Work to complete. Only one span is wanted from the lines below: from the one with "紧邻道里菜市场的衣彬之家服装" up to and including the one with "بخاطر دیداری از". Copy it exactly, without images.

Given data.
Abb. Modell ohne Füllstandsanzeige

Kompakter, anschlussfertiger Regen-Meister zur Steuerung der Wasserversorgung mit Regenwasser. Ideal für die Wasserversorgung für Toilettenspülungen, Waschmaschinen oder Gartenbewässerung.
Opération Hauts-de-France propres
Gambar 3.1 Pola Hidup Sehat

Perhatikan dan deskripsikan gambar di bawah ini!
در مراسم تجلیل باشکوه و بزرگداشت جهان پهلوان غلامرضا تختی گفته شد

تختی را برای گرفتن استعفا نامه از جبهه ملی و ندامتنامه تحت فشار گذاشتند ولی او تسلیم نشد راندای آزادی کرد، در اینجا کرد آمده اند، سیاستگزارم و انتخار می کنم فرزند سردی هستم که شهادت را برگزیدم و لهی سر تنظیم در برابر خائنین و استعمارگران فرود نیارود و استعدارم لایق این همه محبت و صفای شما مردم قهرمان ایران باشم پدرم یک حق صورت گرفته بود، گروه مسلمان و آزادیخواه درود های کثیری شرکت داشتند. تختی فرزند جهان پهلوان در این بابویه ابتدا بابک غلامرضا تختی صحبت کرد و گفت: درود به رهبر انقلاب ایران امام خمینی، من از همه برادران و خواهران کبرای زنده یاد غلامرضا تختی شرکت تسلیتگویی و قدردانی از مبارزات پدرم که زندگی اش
* * *
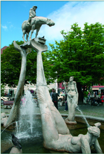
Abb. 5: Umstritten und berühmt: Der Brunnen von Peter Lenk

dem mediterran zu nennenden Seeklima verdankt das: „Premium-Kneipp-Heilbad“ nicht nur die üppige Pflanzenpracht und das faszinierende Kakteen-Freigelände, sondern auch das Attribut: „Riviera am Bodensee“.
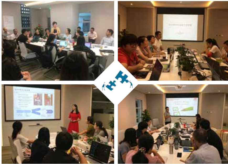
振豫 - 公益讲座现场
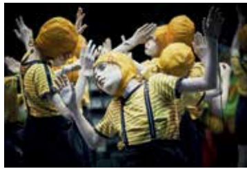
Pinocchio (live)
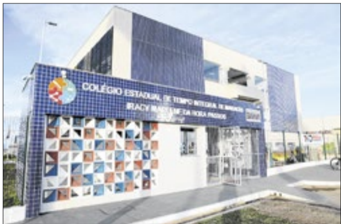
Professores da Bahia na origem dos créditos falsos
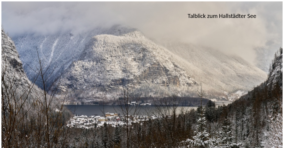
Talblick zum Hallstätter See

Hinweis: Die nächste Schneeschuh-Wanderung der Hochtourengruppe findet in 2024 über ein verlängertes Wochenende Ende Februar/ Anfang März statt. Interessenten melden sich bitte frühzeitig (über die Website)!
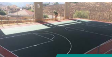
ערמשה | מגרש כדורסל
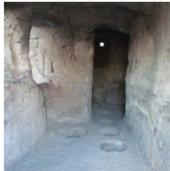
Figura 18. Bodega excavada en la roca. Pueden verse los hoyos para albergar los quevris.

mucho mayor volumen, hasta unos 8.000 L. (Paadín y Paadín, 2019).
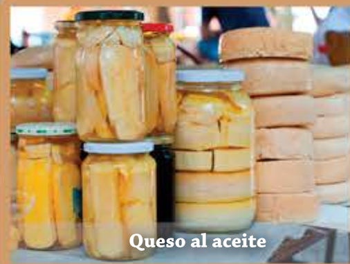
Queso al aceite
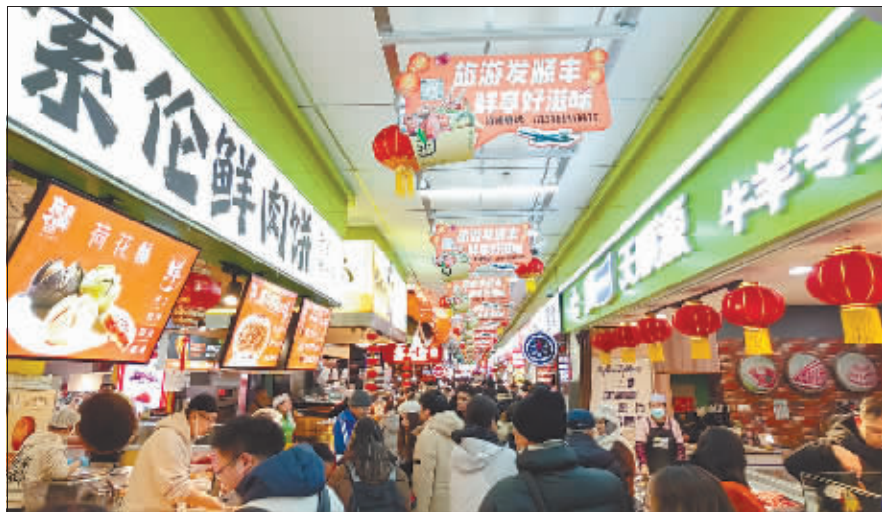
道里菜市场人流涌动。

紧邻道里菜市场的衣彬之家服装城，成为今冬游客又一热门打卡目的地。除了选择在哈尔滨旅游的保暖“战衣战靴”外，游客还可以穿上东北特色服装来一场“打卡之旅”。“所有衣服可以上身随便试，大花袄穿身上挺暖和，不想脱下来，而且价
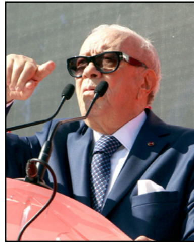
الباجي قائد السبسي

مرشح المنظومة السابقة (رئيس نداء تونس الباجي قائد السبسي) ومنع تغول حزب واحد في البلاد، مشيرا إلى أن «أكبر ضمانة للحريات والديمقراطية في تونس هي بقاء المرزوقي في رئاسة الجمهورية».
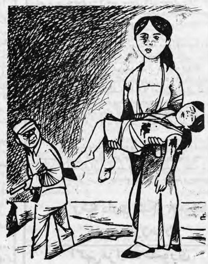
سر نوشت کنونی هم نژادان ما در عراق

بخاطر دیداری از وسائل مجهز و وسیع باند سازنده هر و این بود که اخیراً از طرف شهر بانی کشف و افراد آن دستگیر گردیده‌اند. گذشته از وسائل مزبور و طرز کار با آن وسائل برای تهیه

Output for this task.
紧邻道里菜市场的衣彬之家服装城，成为今冬游客又一热门打卡目的地。除了选择在哈尔滨旅游的保暖“战衣战靴”外，游客还可以穿上东北特色服装来一场“打卡之旅”。“所有衣服可以上身随便试，大花袄穿身上挺暖和，不想脱下来，而且价
الباجي قائد السبسي

مرشح المنظومة السابقة (رئيس نداء تونس الباجي قائد السبسي) ومنع تغول حزب واحد في البلاد، مشيرا إلى أن «أكبر ضمانة للحريات والديمقراطية في تونس هي بقاء المرزوقي في رئاسة الجمهورية».
سر نوشت کنونی هم نژادان ما در عراق

بخاطر دیداری از وسائل مجهز و وسیع باند سازنده هر و این بود که اخیراً از طرف شهر بانی کشف و افراد آن دستگیر گردیده‌اند. گذشته از وسائل مزبور و طرز کار با آن وسائل برای تهیه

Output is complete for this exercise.